- **About this exercise**: Could you write out every record below exactly, leaving out any pictures?

- **Material to process**:

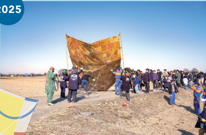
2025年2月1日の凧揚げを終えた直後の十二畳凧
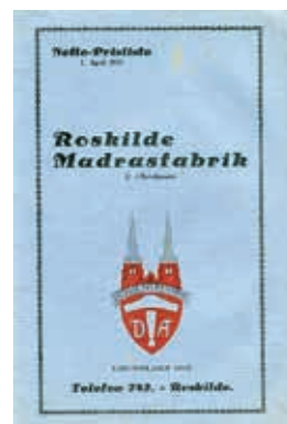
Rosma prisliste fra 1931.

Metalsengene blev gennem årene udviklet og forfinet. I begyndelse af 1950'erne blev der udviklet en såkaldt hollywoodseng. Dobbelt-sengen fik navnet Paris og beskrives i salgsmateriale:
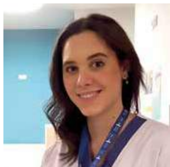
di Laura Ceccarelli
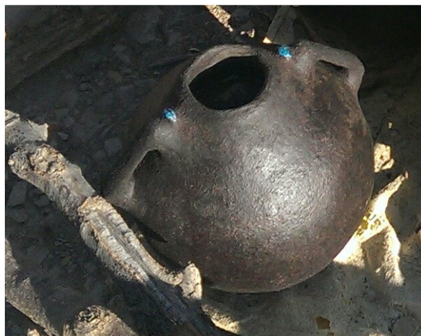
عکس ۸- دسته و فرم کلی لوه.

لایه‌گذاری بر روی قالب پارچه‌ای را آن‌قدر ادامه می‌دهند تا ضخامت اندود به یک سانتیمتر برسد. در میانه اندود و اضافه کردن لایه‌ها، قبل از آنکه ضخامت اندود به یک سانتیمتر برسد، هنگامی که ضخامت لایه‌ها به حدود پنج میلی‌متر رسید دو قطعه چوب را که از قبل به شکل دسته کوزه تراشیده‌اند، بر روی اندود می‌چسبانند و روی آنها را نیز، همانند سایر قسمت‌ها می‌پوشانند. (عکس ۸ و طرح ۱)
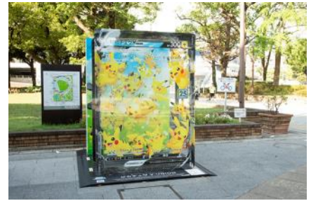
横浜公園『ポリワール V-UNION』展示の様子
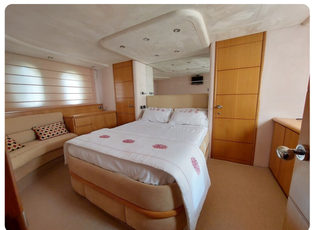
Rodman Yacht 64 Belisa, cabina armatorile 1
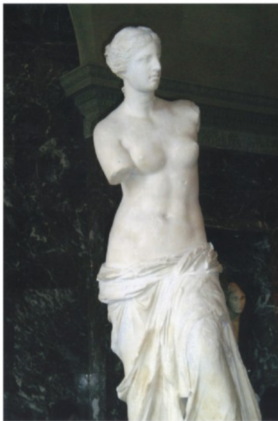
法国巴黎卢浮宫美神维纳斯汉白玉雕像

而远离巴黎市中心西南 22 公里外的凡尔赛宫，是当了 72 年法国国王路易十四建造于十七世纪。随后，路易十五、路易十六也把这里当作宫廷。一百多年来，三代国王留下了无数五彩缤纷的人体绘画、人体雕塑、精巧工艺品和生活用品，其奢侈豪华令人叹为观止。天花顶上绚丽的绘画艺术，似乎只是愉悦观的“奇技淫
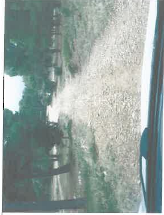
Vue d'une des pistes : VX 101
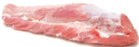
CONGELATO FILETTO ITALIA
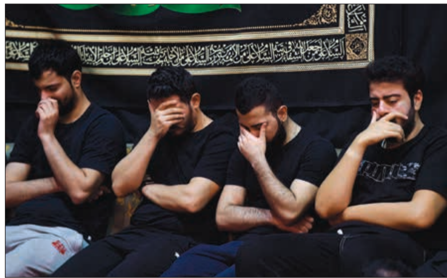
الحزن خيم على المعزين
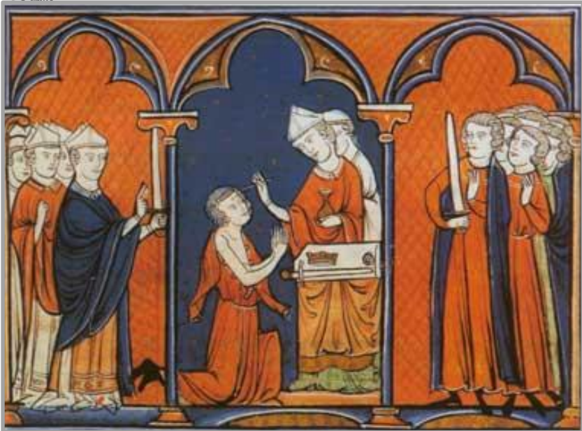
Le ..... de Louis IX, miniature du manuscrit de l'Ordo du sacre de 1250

- **Your solution**:
2025年2月1日の凧揚げを終えた直後の十二畳凧
Rosma prisliste fra 1931.

Metalsengene blev gennem årene udviklet og forfinet. I begyndelse af 1950'erne blev der udviklet en såkaldt hollywoodseng. Dobbelt-sengen fik navnet Paris og beskrives i salgsmateriale:
di Laura Ceccarelli
عکس ۸- دسته و فرم کلی لوه.

لایه‌گذاری بر روی قالب پارچه‌ای را آن‌قدر ادامه می‌دهند تا ضخامت اندود به یک سانتیمتر برسد. در میانه اندود و اضافه کردن لایه‌ها، قبل از آنکه ضخامت اندود به یک سانتیمتر برسد، هنگامی که ضخامت لایه‌ها به حدود پنج میلی‌متر رسید دو قطعه چوب را که از قبل به شکل دسته کوزه تراشیده‌اند، بر روی اندود می‌چسبانند و روی آنها را نیز، همانند سایر قسمت‌ها می‌پوشانند. (عکس ۸ و طرح ۱)
横浜公園『ポリワール V-UNION』展示の様子
Rodman Yacht 64 Belisa, cabina armatorile 1
法国巴黎卢浮宫美神维纳斯汉白玉雕像

而远离巴黎市中心西南 22 公里外的凡尔赛宫，是当了 72 年法国国王路易十四建造于十七世纪。随后，路易十五、路易十六也把这里当作宫廷。一百多年来，三代国王留下了无数五彩缤纷的人体绘画、人体雕塑、精巧工艺品和生活用品，其奢侈豪华令人叹为观止。天花顶上绚丽的绘画艺术，似乎只是愉悦观的“奇技淫
Vue d'une des pistes : VX 101
CONGELATO FILETTO ITALIA
الحزن خيم على المعزين
Le ..... de Louis IX, miniature du manuscrit de l'Ordo du sacre de 1250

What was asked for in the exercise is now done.